EXTRACTED INFORMATION: Begin
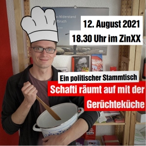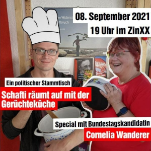 Diesen Mittwoch (08.09.2021) findet um 19.00 Uhr wieder Christian Schafts politischer Stammtisch im ZinXX (Karl-Zink-Str. 2 in Ilmenau) statt. Unter dem Motto „Schafti räumt auf mit der Gerüchteküche" lädt Christian ein Mal im Monat zum gemeinsamen Abendessen und politischen Gesprächen ein. Als Special Guest ist dieses Mal auch unsere Bundestagskandidatin Cornelia Wanderer dabei.
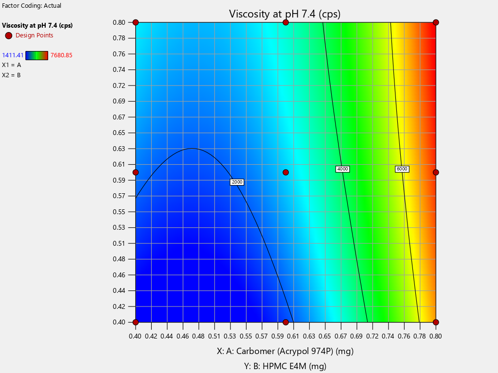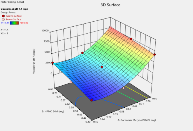 The response for viscosity at pH 5.5 and 7.4 was used to construct the 3-dimensional response surface as shown in fig. 14 and the form of 2 D contour plot in fig. 15.
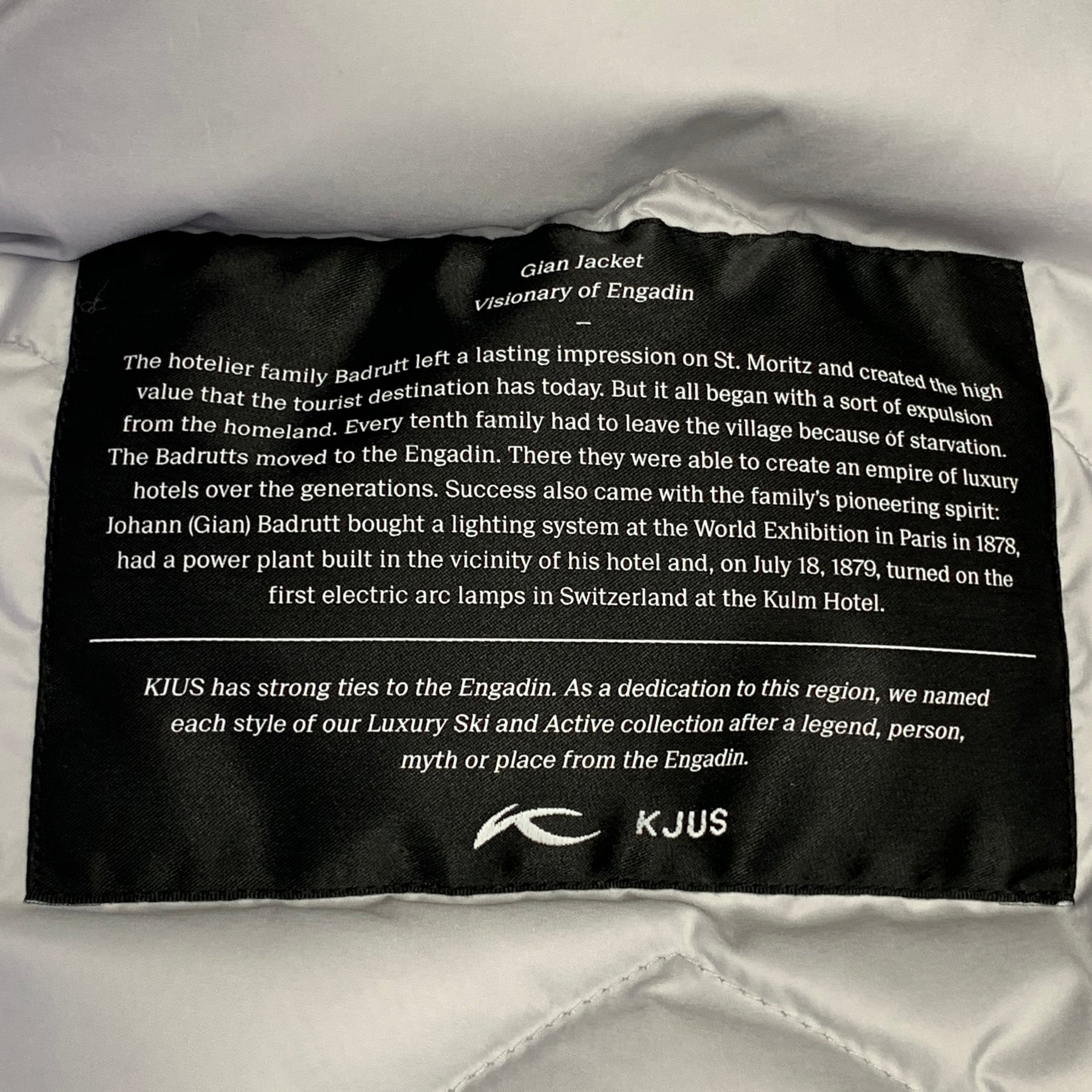 KJUS "Gian" ski jacket in a black polyamide fabric featuring a hooded style, cozy down filling, and zip & snaps closure.
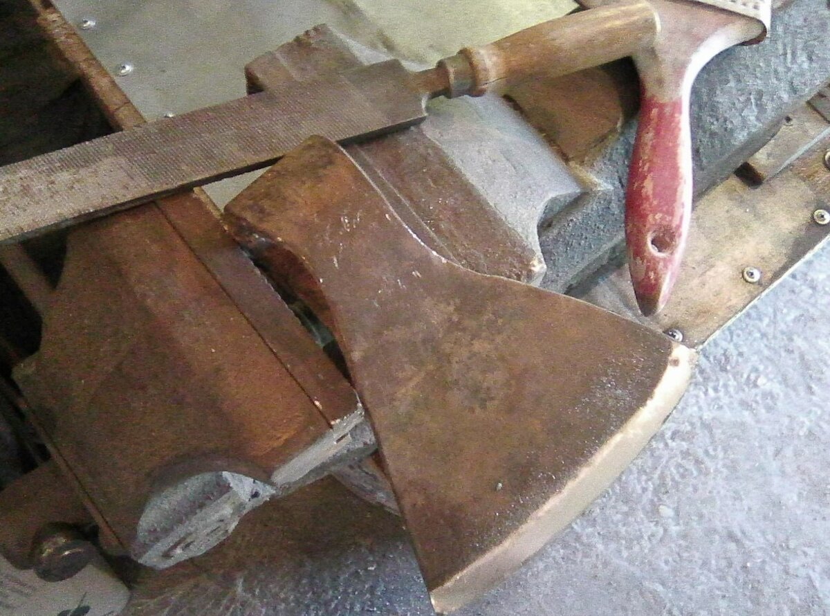 2. Положить на рабочий верстак или ровную поверхность топор на бок и прижать его к поверхности или зажать в тиски.
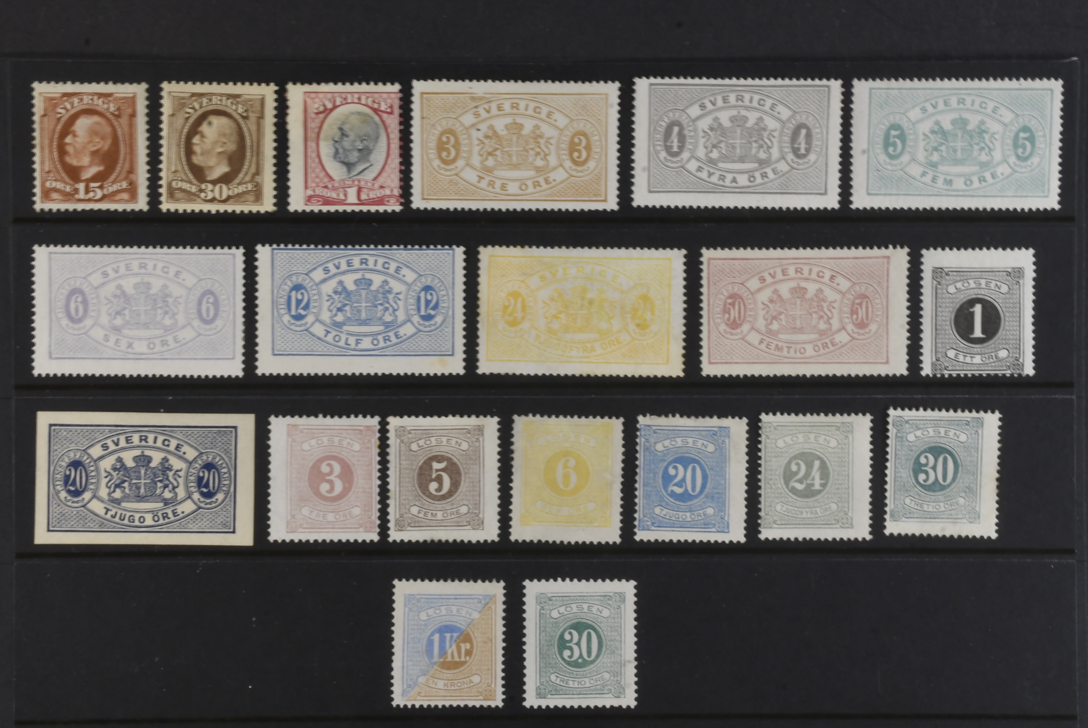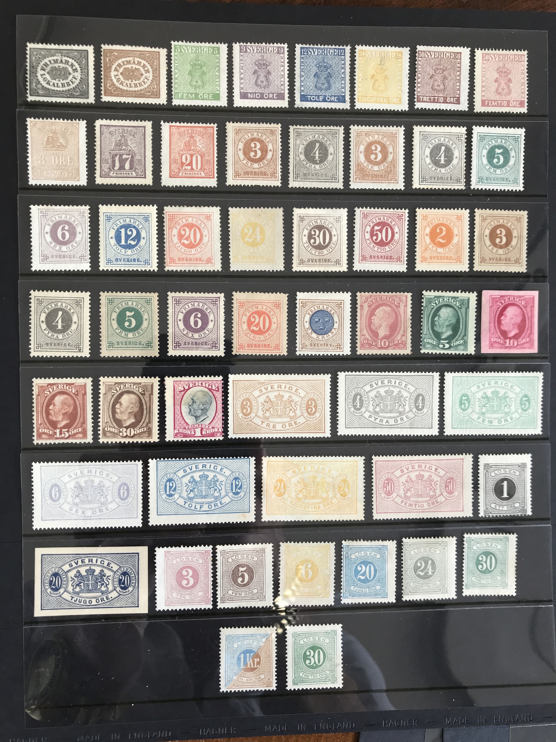 Sweden. ★. Selection with 52 different 1858-Oscar incl. F6+13N1, cpl Coat-of-Arms, nice Circle types, officials and postage due stamps. F15 with short perf., otherwise mostly fine quality. Facit > 96000:-. The entire lot is presented at www.philea.se.
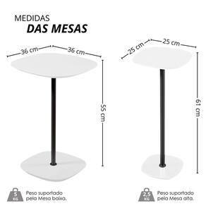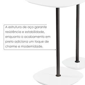 Um conjunto com duas mesas elegantes e funcionais, perfeitas para a sala de estar. Ambas possuem tampo em MDF, oferecendo resistência e um acabamento refinado, que une durabilidade e estilo. Suas bases em aço garantem estabilidade e um design contemporâneo, adicionando um toque moderno ao ambiente. Ideais para apoiar objetos decorativos ou utilitários, as mesas combinam praticidade e sofisticação de maneira harmoniosa. Ambiente Principal: Sala de Estar Complexidade da Montagem: Baixa: pode ser montado por uma pessoa sozinha Cor: Branco/Preto Cor do Produto: Branco/Preto Escala de Brilho: Fosco Itens Inclusos: 2 Mesas + Manual de Montagem + Kit ferragem. Manual de Montagem e Instalação: https://product-hub-prd.madeiramadeira.com.br/976655/documents/c83ccc61-197e-4a54-aee2-9accd063b9962666531493817387642173322.pdf Marca: Larflex Material do Tampo: MDF Material Principal: MDF Necessita Montagem: Sim Origem do Produto: Nacional Peso: 4,4 kg Possui Espelho: Não Possui Possui Gavetas: Não Possui Portas: Não Possui Prateleiras: Não Recomendações de Uso, Manutenção e Limpeza: Pano levemente umedecido e pano seco. Não utilizar produtos de limpeza Sistema de Montagem: Encaixe. Suporta Até (kg): 5 kg
EXTRACTED INFORMATION: End
ASSIGNED TASK: Look above for the line with "zip & snaps closure." and the line with "2. Положить на". Copy them and every line between, exactly, but no pictures.

EXERCISE OUTPUT:
 KJUS "Gian" ski jacket in a black polyamide fabric featuring a hooded style, cozy down filling, and zip & snaps closure.
 2. Положить на рабочий верстак или ровную поверхность топор на бок и прижать его к поверхности или зажать в тиски.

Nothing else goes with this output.